Daisy was waiting for me. Or not me, really. How was she to know I was coming? But she was there on the divan, her butterscotch curls soft against green velvet. Such a sweet face, but she was timid at first. I took my laptop to the bedroom and worked for a while, allowing her space.
I ate with the sea at 7:00, my dinner date moody and blue yet dashing on the other side of the wooden table. A caesar salad of dinosaur kale and homemade dressing made with anchovies and my farm share eggs, laid last week 90 minutes south at the foot of Mount Rainier. The croutons once a beautiful pain au levain from one of my favorite Seattle bakeries. I eschew alcohol most days but drank a Bellini tonight. The last of a bottle I bought to celebrate my friend Andrew’s visit from Australia. Dessert was a donut peach, fuzzy like a baby’s cheek, and a plum the purple of royalty.
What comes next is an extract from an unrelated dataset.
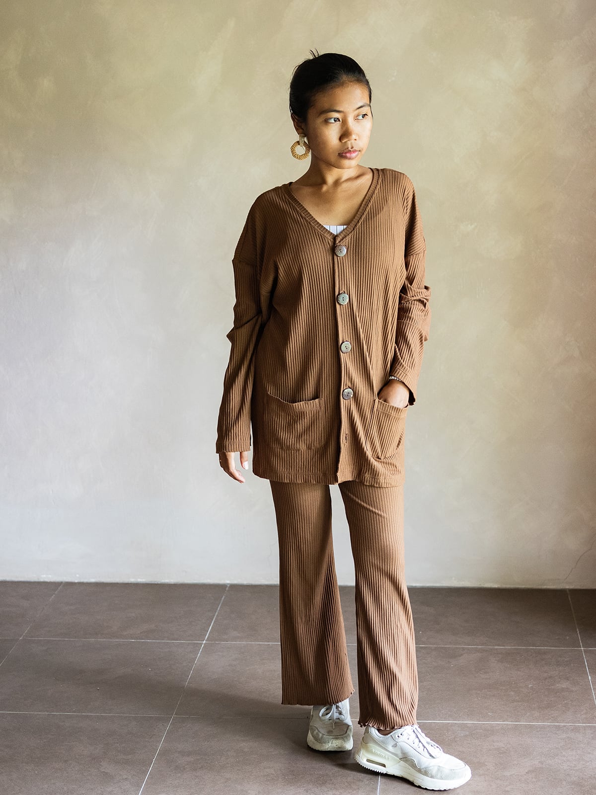 アウターとしても一枚でも着られるカーディガンをデザインしました。

A train speeds behind the house every few hours, bringing with it industrial smells like oil and grease and mechanical sounds like clicks and clangs, ratchets and whirs: it doesn’t bother me as much as I thought it would. As we get older, we’re better able to tune out background noise, I guess, having learned that loud, boisterous things often bring goodness, too. Until it passes again, I’ll linger in front, breathing the pockets of fresh, salty air, deposited at my feet by the waves. Next to Daisy, who has deposited herself there, too.
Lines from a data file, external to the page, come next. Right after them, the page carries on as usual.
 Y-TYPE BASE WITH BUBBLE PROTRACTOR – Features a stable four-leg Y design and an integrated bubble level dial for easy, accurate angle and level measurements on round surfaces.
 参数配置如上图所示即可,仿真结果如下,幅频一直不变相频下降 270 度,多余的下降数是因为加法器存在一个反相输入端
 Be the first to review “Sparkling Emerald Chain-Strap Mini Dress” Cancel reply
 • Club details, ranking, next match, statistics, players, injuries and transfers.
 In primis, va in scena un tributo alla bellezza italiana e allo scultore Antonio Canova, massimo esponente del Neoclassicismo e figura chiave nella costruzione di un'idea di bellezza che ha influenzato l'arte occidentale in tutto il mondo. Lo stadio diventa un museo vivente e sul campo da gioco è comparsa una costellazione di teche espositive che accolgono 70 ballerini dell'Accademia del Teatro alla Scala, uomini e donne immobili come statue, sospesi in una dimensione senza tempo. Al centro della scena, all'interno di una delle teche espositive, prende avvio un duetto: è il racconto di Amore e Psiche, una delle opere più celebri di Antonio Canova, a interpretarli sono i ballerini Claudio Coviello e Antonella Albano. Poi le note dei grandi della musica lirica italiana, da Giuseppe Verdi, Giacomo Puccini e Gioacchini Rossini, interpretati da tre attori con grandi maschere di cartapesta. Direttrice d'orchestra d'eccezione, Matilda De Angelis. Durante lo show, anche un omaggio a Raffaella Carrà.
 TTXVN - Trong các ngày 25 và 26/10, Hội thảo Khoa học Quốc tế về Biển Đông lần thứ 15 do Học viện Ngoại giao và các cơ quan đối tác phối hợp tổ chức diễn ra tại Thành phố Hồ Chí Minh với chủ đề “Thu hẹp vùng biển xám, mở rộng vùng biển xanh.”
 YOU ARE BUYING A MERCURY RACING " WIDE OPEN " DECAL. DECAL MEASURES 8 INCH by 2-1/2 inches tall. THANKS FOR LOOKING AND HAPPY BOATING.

Tartine’s Kale Caesar Salad
Ingredients
Croutons
Four 1-inch slices day-old country bread, torn into 1-inch pieces
2 tablespoons extra-virgin olive oil
Salt
Kale Caesar
3 garlic cloves
6 olive oil-packed anchovy fillets
1 tablespoon lemon zest
1 large egg yolk
Salt
2 tablespoons fresh lemon juice, plus more to taste
1½ cups extra-virgin olive oil
2 heads (about 1 pound) black kale, center stems removed and leaves torn into bite-size pieces
⅔ cup freshly grated Parmesan cheese
Optional Ingredients
½ teaspoon herbes de Provence (optional)
Directions
Make the croutons: Preheat the oven to 400°. In a medium bowl, toss the bread with the olive oil, a pinch of salt and the herbes de Provence, if using. Spread the bread on a baking sheet and bake, turning the croutons midway through, until golden brown and crisp, about 10 minutes.
Make the dressing: Place the garlic, anchovies and lemon zest in a mortar and pound with a pestle to make a thick paste. (Alternatively, pulse them together in a blender.) Add the egg yolk, a pinch of salt and a few drops of the lemon juice and mix thoroughly. While stirring, (or with the blender motor running), add ½ cup of the olive oil, one drop at a time, to create a smooth emulsion. Stir (or blend) in the remaining cup of olive oil in a slow stream. (The dressing will thicken.) Periodically add the remaining lemon juice. When all the oil is incorporated, season the dressing to taste with additional salt and lemon juice. Add water as needed to thin the dressing to desired consistency.
Make the salad: In a large bowl, toss the kale with the croutons. Add the dressing to taste, reserving any extra for another use. Add the Parmesan, toss again and serve immediately.
It is a magical spot where nature is the main act. Porpoises frolicking, pinks leaping off the surface of the water, curious seals taking in all the activities of the dumb bipeds.
Locals confidently hooking fish from narrow peddle boats; expertly using them as a platform from which to haul up their crab pots. And the ceaseless sounds of the waves.